WHAT YOU NEED TO DO: Only the lines from the one containing "Loại bỏ nước" to the end of the data below belong in the answer, each repeated exactly; no pictures.

EXTRACTED ENTRIES:
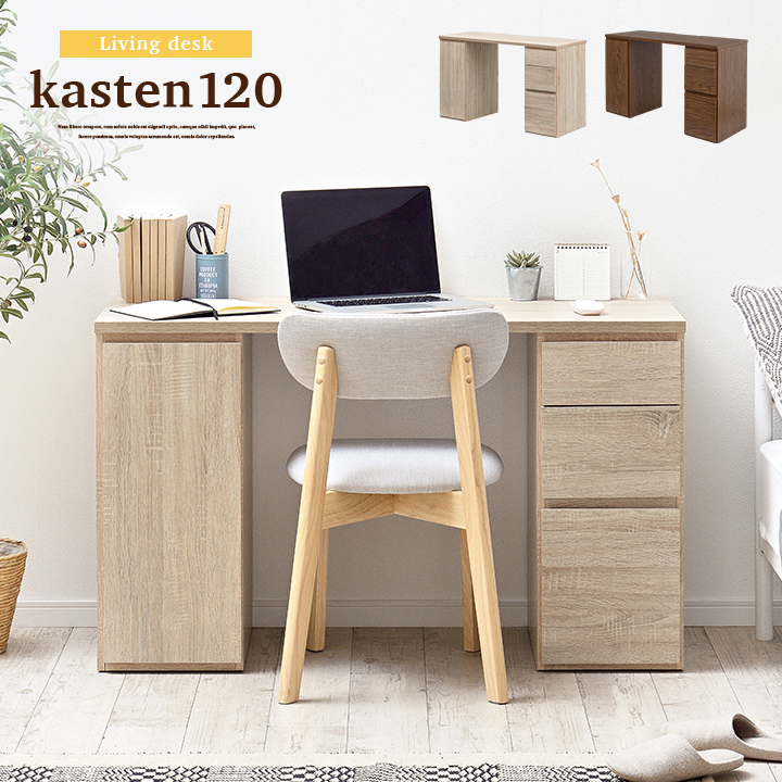 リビングデスク 学習机 学習デスク 勉強机 勉強デスク パソコンデスク ユニットデスク コンパクト 木製 おしゃれ シンプル kasuten(カステン) 幅120cm 2色対応
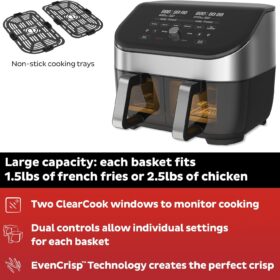 - Quick Cleanup: No more fighting about who has to do the dishes. The dishwasher-safe cooking baskets and trays make clean-up a breeze.
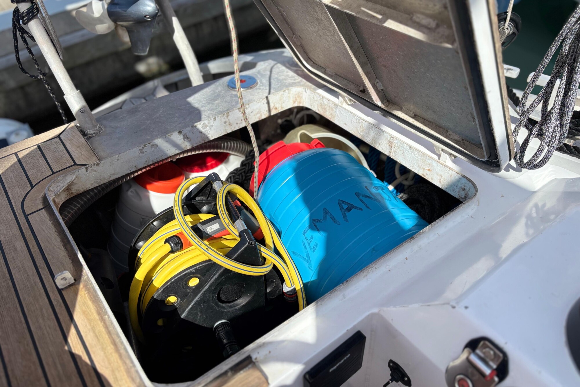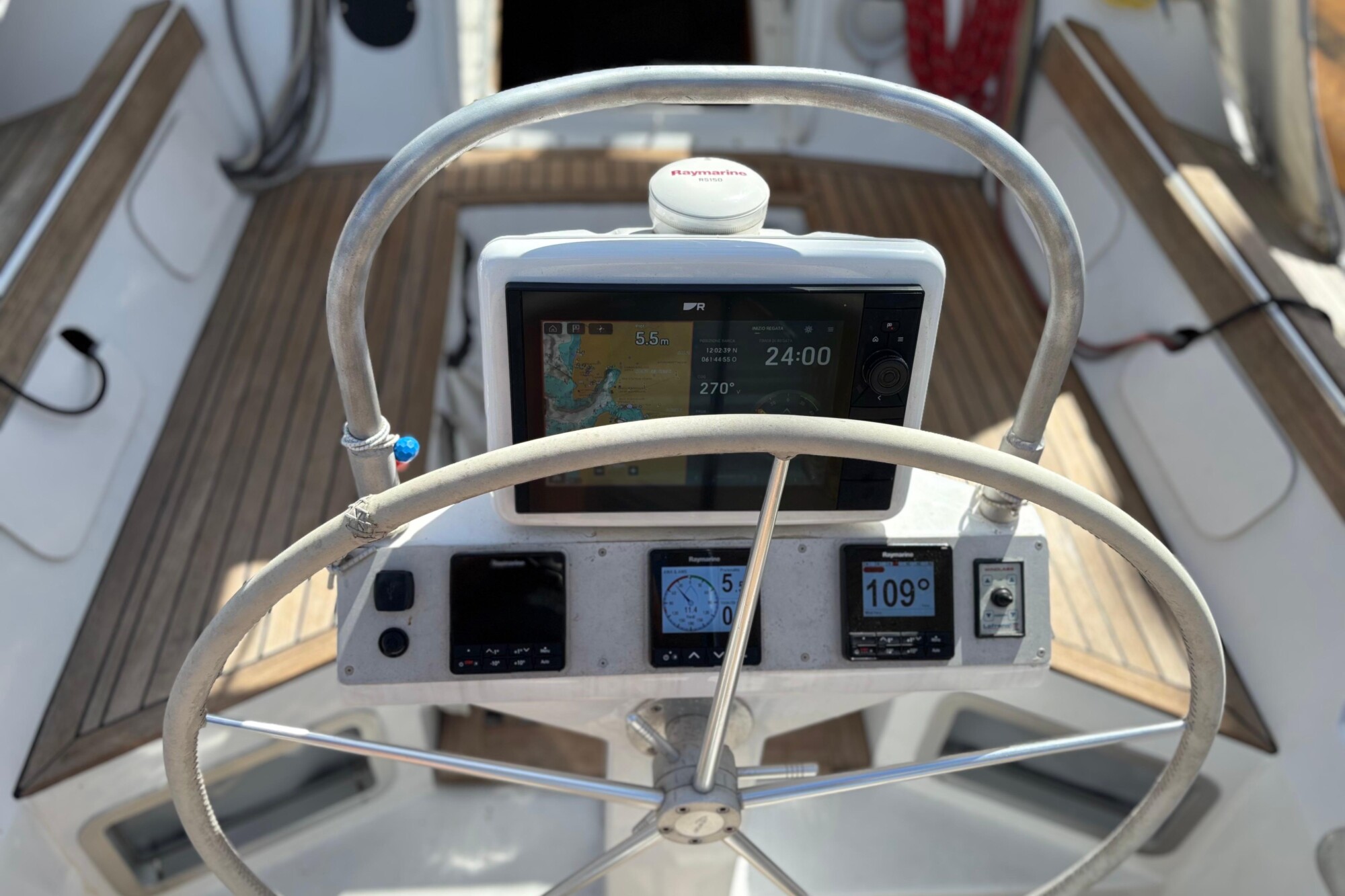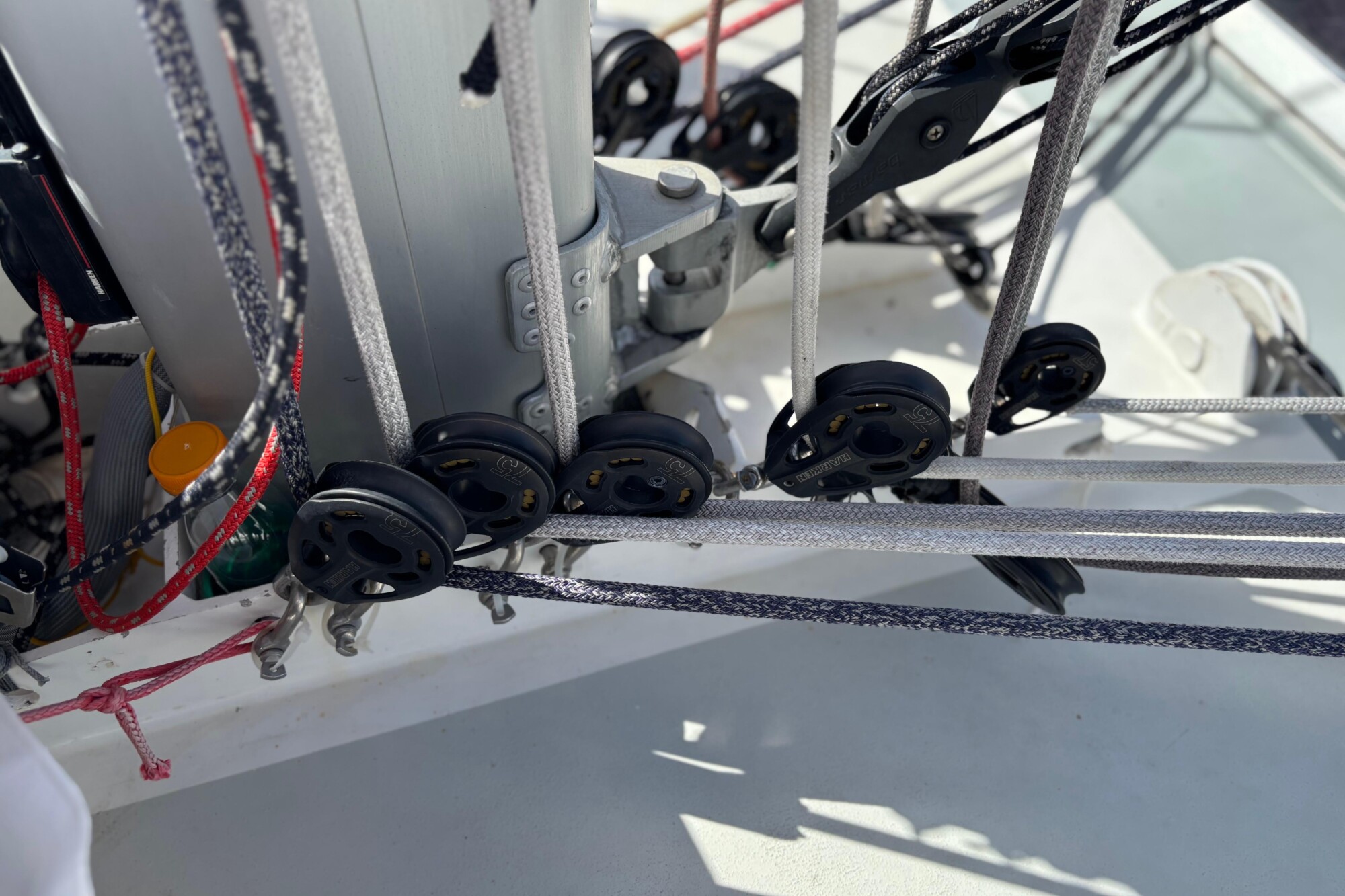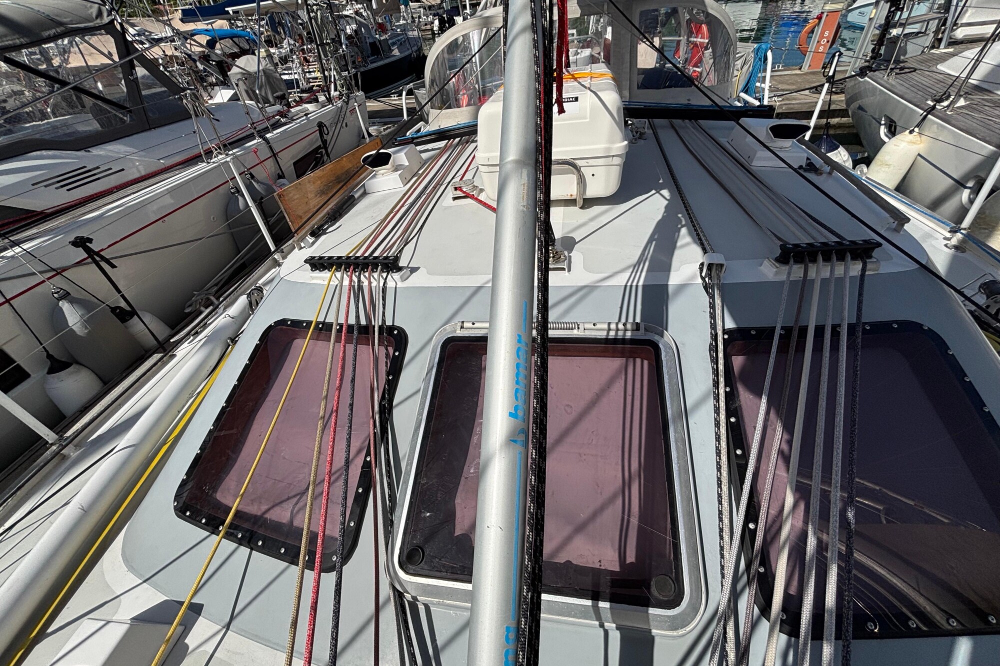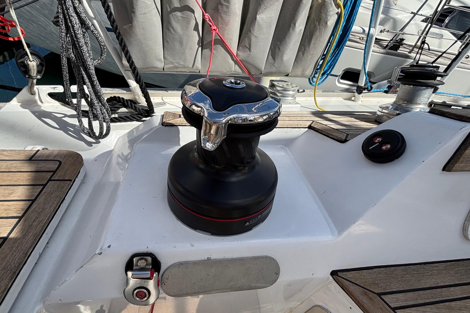 Electrical SystemsSloop rigged keel stepped masthead with aluminum mast and boom - NEW 2023 (replacing inmast furling mast), Rigging (12 mm Danish components) NEW 2023. Running rigging NEW 2023. Furling headsail and slab reefing mainsail with lazyjacks. New Harken electrical winches, mainsail travelers, bow trolley, mast sail track.
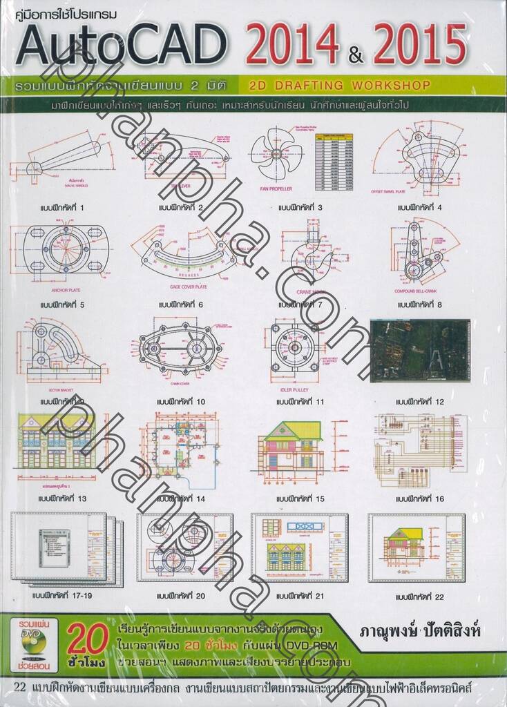 รวมแผ่น DVD ช่วยสอน 20 ชั่วโมง เรียนรู้การเขียนแบบจากงานจริงด้วยตนเอง ในเวลาเพียง 20 ชั่วโมง กับแผ่น DVD-ROM ช่วยสอนฯ แสดงภาพ และเสียงบรรยายประกอบ
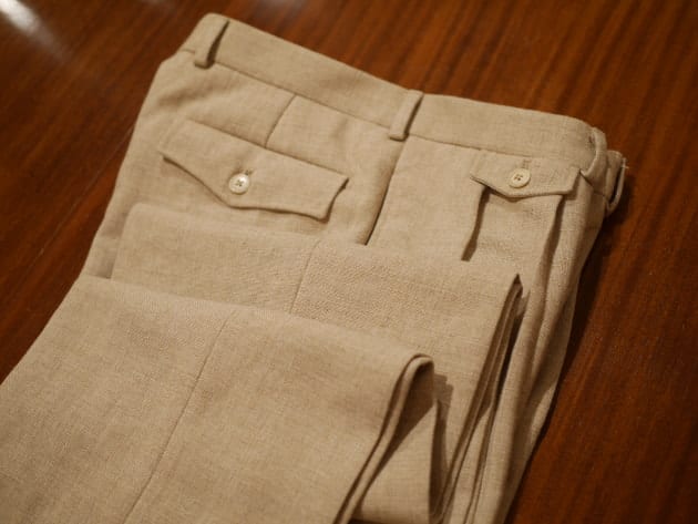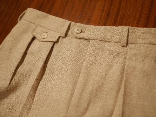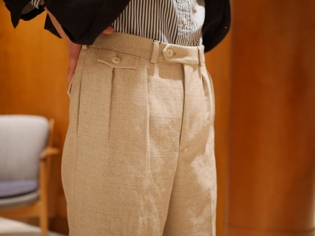BERNARD ZINS / 別注 リネングレンプレイド 2プリーツ サイドアジャスタースラックス
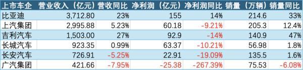 随着市场竞争加剧,上市车企业绩分化加剧。
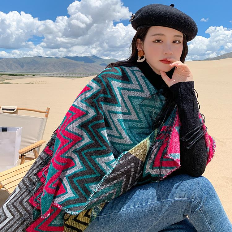Фото Вязаная шаль Цветная полосатая бахрома Кондиционер Накидка Женская Туристическая Сплит Плащ Партия 130*150CM
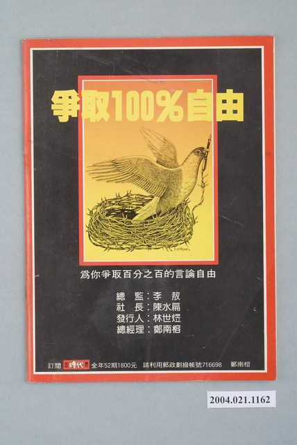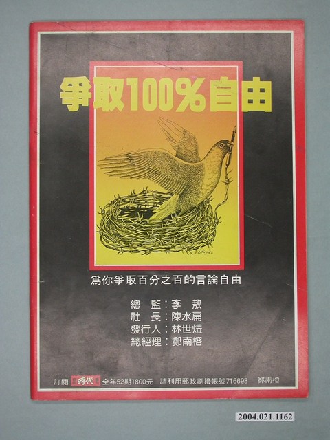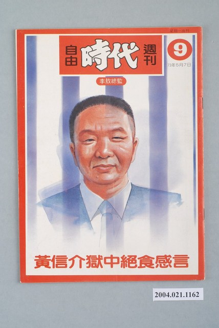 此為一紙質雜誌,此物件以肖像畫為封面,並以白色字體標示物件之名稱,本物件為1984年5月發行之《自由時代》週刊第九期,封面內容計有〈黃信介獄中絕食感言〉等。目錄計有(一)封面主題――聲援美麗島受刑人無限期絕食!、(1)追求民主˙分擔苦難――牆裡絕食牆外聲援全面展開(陳為銘)、(2)黃信介獄中絕食感言(本社)、(3)停止高壓解除戒嚴˙還政於民、(4)請大家關心美麗島政治犯絕食活動、(5)黃信介的歷史鏡頭、(6)絕食過程的生理狀態、(7)淺釋絕食、(二)時代新聞、(1)無法無天的判決――李敖對施性忠被判刑的感想(本社採訪)、(2)李焜泰˙釋開封(何尚)、(3)又是一張乖乖牌――臺大醫院院長到底能幹什麼?(王健峯)、(4)勞工問題(楊宗祺)、(5)對抗美商壟斷資訊市場,日本修改軟體著作權法(萬卜元)、(6)絕食˙幽默˙特赦――台北市黨外議員總質詢側記(陳錫福)、(三)都是臺大民族主義論戰惹的禍(一)(孫慶餘)、(四)張春男出獄(曾心儀)、(五)臺灣諺語新解(李阿輝)、(1)別人的子,死未了、(六)黨外立委聯合書面質詢(張俊雄等七人)、(1)運費非法漲價失信於民、(七)鄧維楨政治問答、(八)編輯室報告、(九)台北風聲、(十)南臺灣風雲、(十一)黨外動態、(十二)孟絕子專欄、(1)國策會議-獻給黨外絕食的勇士們 等。 此物件為《自由時代》系列雜誌之一,《自由時代》是黨外政論雜誌之一,於1984年3月12日由鄭南榕所創辦,並且標榜「爭取百分之百的言論自由」,雜誌內容致力於追蹤黨國內幕、打破禁忌話題、評議時政,同時也籌劃街頭社會運動,如:「五一九綠色行動」,其中鄭南榕為保護幫《自由時代》雜誌撰寫文章的作者,於是在目錄標示鄭南榕承擔一切文章的責任,且不在雜誌目錄頁寫上作者姓名。最終在1989年11月11日,鄭南榕自焚身亡7個月後,《自由時代》停刊。所謂「黨外」為中國國民黨之外的政治勢力,「黨外」在國民黨政府的治下運用創辦雜誌的方式表達立場、對抗國民黨政府,這些雜誌、出版品被稱為「黨外雜誌」,《自由時代》亦是其中之一。
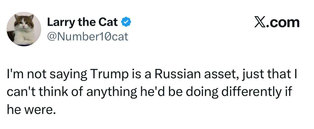 У знаменитого котейки Ларри, который принадлежит премьеру Великобритании, есть своя страничка в соцсетях. В новой публикации мохнатый намекнул, что президент США Дональд Трамп может руководствоваться интересами не только своей страны.
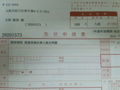 平成27年8月20日付で、関西棋院から囲碁八段の認定を受けました。免状日付は、平成27年7月21日付となります。
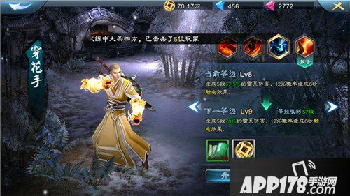 (一)寂灭掌:普攻变远程有木有!一样没有冷却,但是会有个准备动作,所以速度比穿花手慢很多。这里要提示大家,尤其是长期玩网友的朋友,不要看这个寂灭掌攻击百分比高,就觉得它比穿花手好用,我已开始也这样想,结果,这个百分比是最终伤害百分比,也就是说等于对方防御也提升了这么多。
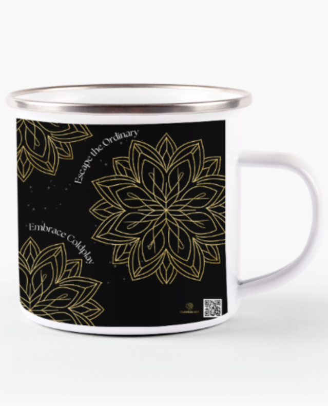 Sip your favorite beverage with a touch of celestial charm and musical inspiration with this Coldplay-themed enamel mug. Featuring a stunning golden geometric floral design, set against a black starry sky backdrop, this mug captures the magic of music, the cosmos, and artistic elegance. The phrase “Escape the Ordinary, Embrace Coldplay” wraps around the design, adding an inspirational and poetic touch, making it the perfect mug for dreamers, stargazers, and Coldplay fans alike.
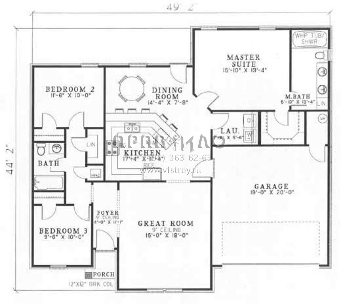 Проект одноэтажного дома с гаражом на две машины в стиле Ранчо S5-136 (110-00286)
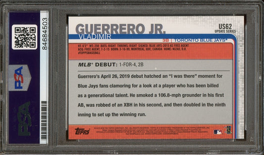 Vladimir Guerrero Jr. Signed 2019 Topps Update Rookie Debut #US62 - Auto Graded Gem Mint 10 (PSA/DNA Encapsulated) - Rookie Card
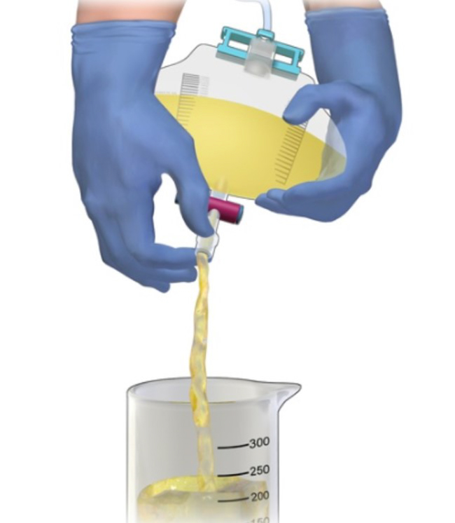 Loại bỏ nước tiểu ở túi dẫn lưu ít nhất 1 lần mỗi ca làm việc bằng dụng cụ riêng, sạch cho từng người bệnh (ảnh minh họa – nguồn internet)
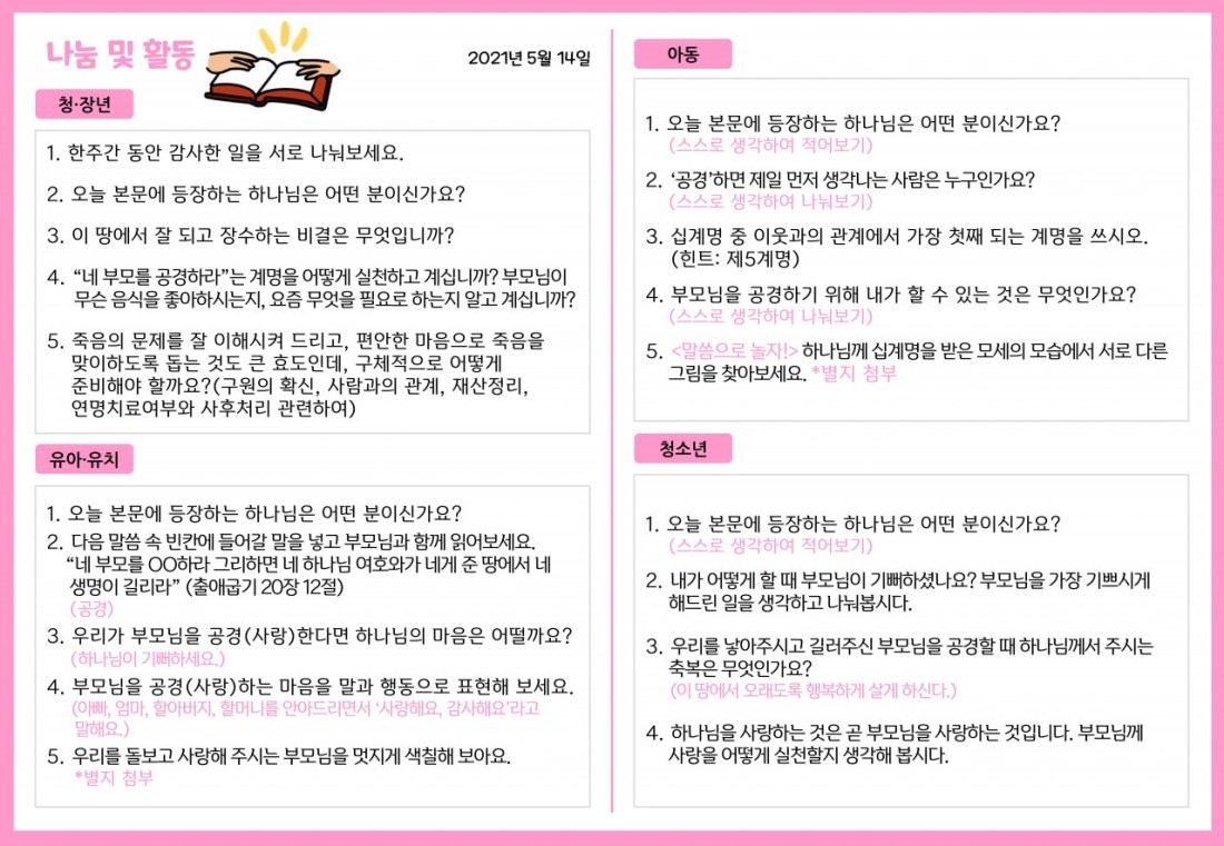 2021. 5. 14. 가정예배지 페이지 정보 조회Hit 268회 작성일Date 21-05-20 13:51 본문 목록 이전글2021. 5. 7. 가정예배지 21.05.05 다음글2021. 5. 21. 가정예배지 21.05.20

RESPONSE TO THIS TASK:
 Loại bỏ nước tiểu ở túi dẫn lưu ít nhất 1 lần mỗi ca làm việc bằng dụng cụ riêng, sạch cho từng người bệnh (ảnh minh họa – nguồn internet)
 2021. 5. 14. 가정예배지 페이지 정보 조회Hit 268회 작성일Date 21-05-20 13:51 본문 목록 이전글2021. 5. 7. 가정예배지 21.05.05 다음글2021. 5. 21. 가정예배지 21.05.20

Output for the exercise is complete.